Hundreds of iPads were given to middle school students in late autumn, and since then they have been incorporated into the lessons and work of the students in nearly every class. They’re used in core subjects like English, math and science, but also in music, art, technology and more.

“We’ve been pleased with the results,” said Christopher Pellettieri, the district’s assistant superintendent for curriculum. “[The students] are very careful with them. We bought really good, solid cases, so we’ve hardly had any of the breakage issues or security or loss issues that others have gone through. We were able to look at what people did in other districts and learn from that and really come up with a solid model.”

The district purchased the iPads through Nassau BOCES, which enabled it to get them at a discounted rate and pay them off over five years. And according to Pellettieri, the iPads have already had a positive impact on the district’s budget: the middle school has printed 53,000 fewer sheets of paper this year than last year due to the ability teachers have to give students work digitally.

The program of 1-to-1 student iPad ownership started in the middle school because of the access the students had in elementary school. The district already gives iPads to every fifth grade student, but they stay in the classroom.

“How could we give it to them every day in fifth grade and then take them away in sixth?” Pellettieri said. “Here’s this great learning tool, but you can only use it in elementary and not middle school.”

Along those lines, the district plans on expanding the program to the eighth grade next year. Pellettieri said district administrators were concerned about introducing them in the eighth grade this year, where they could prove a distraction to students who would be taking new science and math regents at the end of the year.

“We wanted to get a year under our belt of using them, then figure out how we were going to use them in eighth grade,” he said. “I’m already working with some of the eighth grade teachers on that.”

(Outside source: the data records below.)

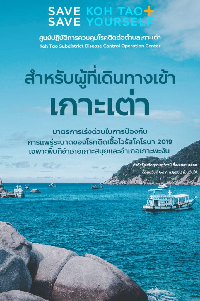 มาตรการปฏิบัติตน สำหรับบุคคลที่จะเดินทางเข้าในพื้นที ตำบลเกาะเต่า อำเภอเกาะพะงัน จังหวัดสุราษฎร์ธานี
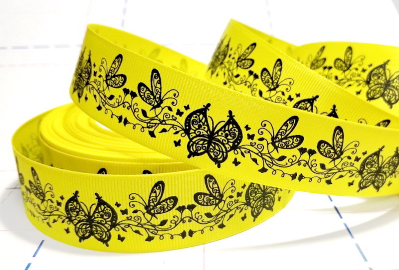 - 422 25мм Репсовая лента с рисунком 23м (+-1м) Бабочки Желтый/черный
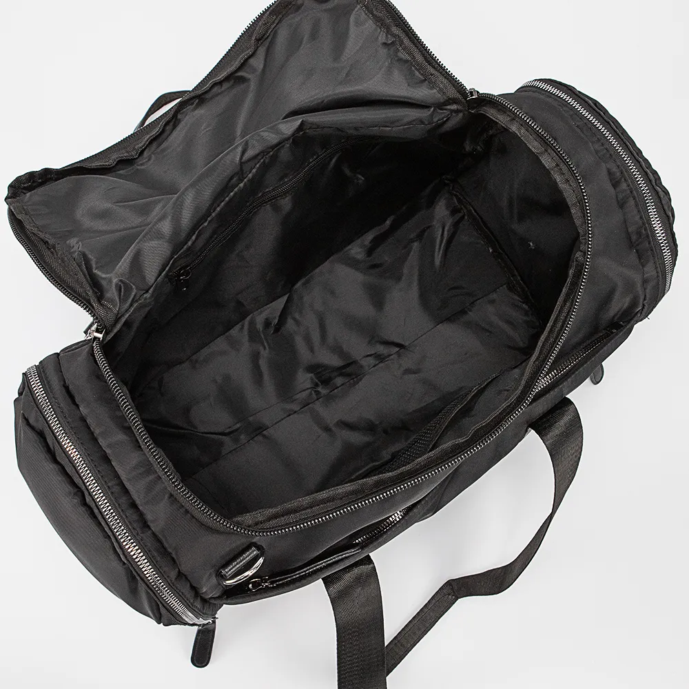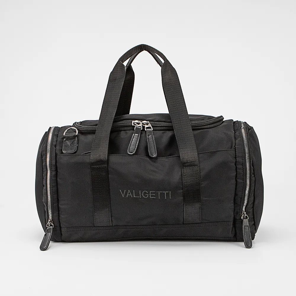 Дорожно-спортивная сумка от торговой марки Valigetti из практичного текстильного материала черного цвета. Модель с двумя ручками и съемным регулируемым плечевым ремнем. Закрывается клапаном на молнии. Внутри: текстильная подкладка, карман на молнии, три накладниых сетчатых кармана. На лицевой стороне – водонепроницаемый карман на молнии. На задней стороне – лямка для крепления на выдвижную ручку чемодана. По бокам – карман на молнии. Дно оснащено прорезиненными накладками для защиты от износа.

Pellettieri said that the district is going to continue to collect more data on the iPad usage and what can be done to make the experience better for students and teachers. Educators in the middle school are always getting more professional development with the iPads, he said, and students work with administrators to find new apps and also make sure the technology isn’t being abused.

“We’re going to look at it much more closely and do some surveys of students and teachers and parents before the end of the year to get some more feedback,” Pellettieri said. “But early returns are good.”